According to French authorities, a 69-year-old shooter with far-right links attacked the centre on Friday, while the Kurdish activists hold the Turkish state and the government responsible for the incident.
The Paris police chief met the members of the Kurdish community on Saturday ahead of the demonstration to alleviate their fears. Some left-wing politicians and anti-racist groups also joined Kurdish protestors condemning the attacks and demanding French authorities uncover the details of the murders.
The trauma of a similar attack in 2013 in Paris in which three female Kurdish activists, including a founder of the Kurdistan Workers’ Party (PKK), were killed resonates in today’s protests. Many Kurds are furious with French authorities, as the 2013 assassinations still remain unsolved, and are suspicious that an effective investigation will be conducted into Friday’s murders.

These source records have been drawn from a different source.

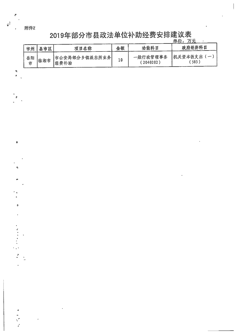关于部分市县政法单位补助经费的通知
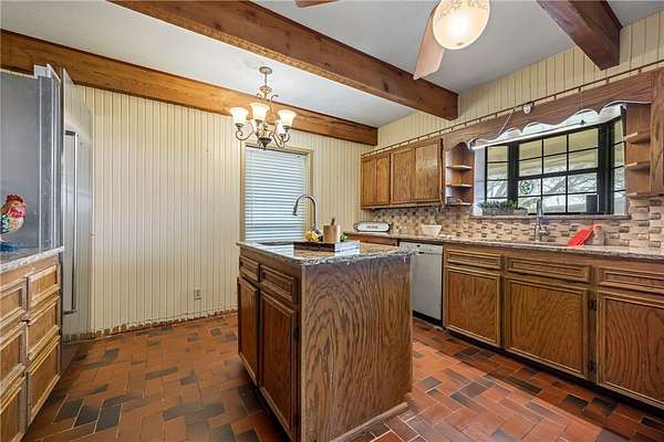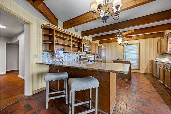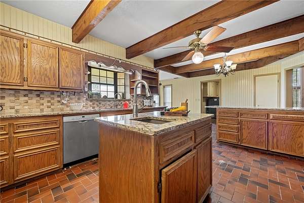- Breakfast Bar, Ceiling Fans, Home Office, Kitchen Island, Primary Downstairs, Window Treatments
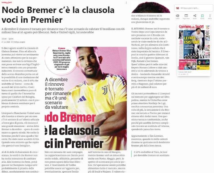 As per yesterday’s version of Corriere dello Sport (news image provided below), Liverpool and Manchester United are vigilant and are ‘waiting’ to sign Bremer from Juventus.
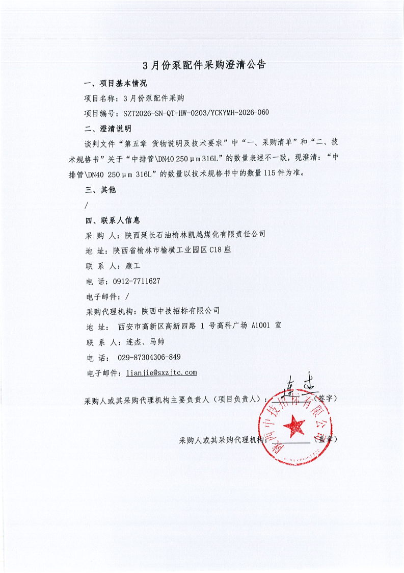 3月份泵配件采购澄清公告
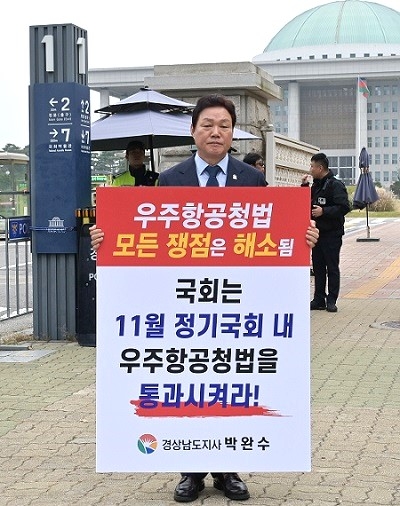 박 도지사는 국회 정문 앞에서 '우주항공청법 모든 쟁점은 해소됨, 국회는 11월 정기국회 내 우주항공청법을 통과시켜라'는 문구가 적힌 피켓을 들고 1인 시위를 진행했다.

“Even if there is not a direct proof of a link between the killer and Turkey, or the Turkish President Recep Tayyip Erdoğan and the Turkish secret services, there is a general atmosphere created by Erdoğan who is threatening to invade Kurdish-controlled Rojava in Syria, who is considering Kurdish people as terrorists, and who is putting Kurdish politicians in jail,” said Media News correspondent Chris Den Hond, who joined Saturday’s protest.

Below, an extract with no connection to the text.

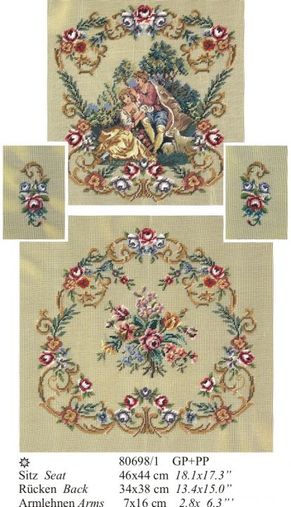 80698/1 mf Sessel 27/36/12/18 inch; Figuren petit point

Different politicians representing the whole political spectrum are calling on the French government to reveal the details of the attack through a much more serious investigation than the one carried out ten years ago, Den Hond said. French politicians are also demanding the government take a firmer stance against Erdoğan and Turkey’s aggressive policies, he said.
The gunman of the 2013 assassinations, Ömer Günay, was linked to the Turkish intelligence according to evidence uncovered mainly by the Kurdish media. Günay died in prison before his trial started and the legal process remained frozen since then.
The shooter from Friday’s attacks has previous records of attacks against migrants and was released on bail pending trial on 12 December. However, the previous incidents of the suspect are, to a large extent, low-profile compared to the attack on Friday.
The protest on Saturday was generally peaceful, apart from some clashes between activists and the police. The police again used tear gas to disperse some of those protestors as it did during the demonstration on Friday in front of the Ahmet Kaya Cultural Centre.